Indonesian night
In Indonesia, in less than a year, about a million people were murdered as a consequence of a military coup d'état
In a depraved parallel universe, veterans of the SS or of the death squads in Argentina grow old amid the admiration and respect of their neighbors, and appear on TV interview shows to public applause. They proudly accept invitations to act in films, where sometimes they play the role of torturer and sometimes, bedaubed with ketchup-like makeup, that of victim. The ambience of the TV interview runs from nostalgic to festive. The youthful torturer of the past, now a dried-up scrawny old man whose attire is of antiquated elegance, does a simulated strangling, then proceeds to dance a few steps of cha-cha-cha on a concrete floor that was once a pool of blood. Veterans of paramilitary organizations speak from platforms where members of the present government sit, to an audience of young recruits in black boots, rakishly angled berets, and camouflage uniforms. The veterans declare their double condition as patriots and gangsters. The local governor declares that they are valuable elements of society.
The documentary, The Act of Killing, which is hard to describe and at times hard to watch
The universe I have just described is situated in Indonesia, and it has been explored, camera in hand, by the young director Joshua Oppenheimer. The result is a documentary, The Act of Killing, which is hard to describe and at times hard to watch - but not because it wallows in the usual pornography of blood and guts. After Auschwitz came the Nuremberg trials; after the dirty war in Argentina, a few prosecutions; even the genocides in Rwanda and Cambodia were followed by some rudimentary restitution, or at least a general awareness that something shamefully wrong had happened. In Indonesia, in less than a year, about a million people were murdered as a consequence of a military coup d'état. Having declared that they were against communism, the coup crew enjoyed the immediate and generous support of Western governments. But it was not only the soldiers who did the killing, and the victims were not only communists. Egged on by the mullahs, devout Muslims killed reputed atheists.

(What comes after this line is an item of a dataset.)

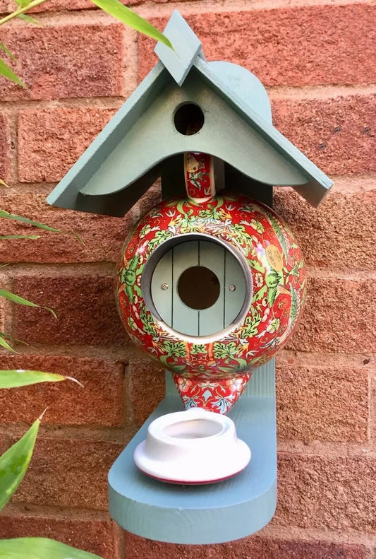 Handmade William Morris Teal Teapot Bird House and Feeder

On the island of Bali, where the Hindus are a majority, high priests called for human sacrifices to expiate years of sacrilege. In some areas Christians joined Muslims and Hindus in the persecution of possible communists. Union activists, teachers, freethinkers, artists and those who just seemed odd were liable to be macheted, their houses burned, their families exterminated. In Bali some 80,000 people were murdered, five percent of the population. Mass executions took place, often to the beautiful music of a gamelan ensemble, whose airy percussions swelled in volume to excite the killers and drown out the victims' cries.
The Chinese minority were perfect victims. One murderer in the film recalls how he went along the street, killing all the Chinese he met. His then girlfriend was Chinese: he took the opportunity to kill her father. But neither he nor his friends were soldiers, or particularly devout Muslims. They were petty criminals and punks, who liked American movies about gangsters and cowboys, and Elvis Presley musicals.
In far-flung parts of the world, violent American cinema induces dreams of heroic action. In the 1990s, in Yugoslavia and Chechnya, young killers with makeshift uniforms and patriotic causes killed innocent people while wearing the headband and dark aviator glasses of Rambo. In the 1960s in an Indonesian province, petty criminals who would normally not frighten a shopkeeper became instant warlords, putting into practice what they had seen in badly dubbed films projected on a bedsheet at an outdoor village cinema. One of them explains how they used to beat people to death; but that was messy so they switched to strangling with wire, or smothering with plastic bags. The nightmare is so intense, it goes on after the movie is finished. I emerge from the cinema, out a back door into a narrow street in Madrid, and I feel I am in the Indonesian night, a parallel universe where the perpetrators of a genocide appear as stars on reality shows.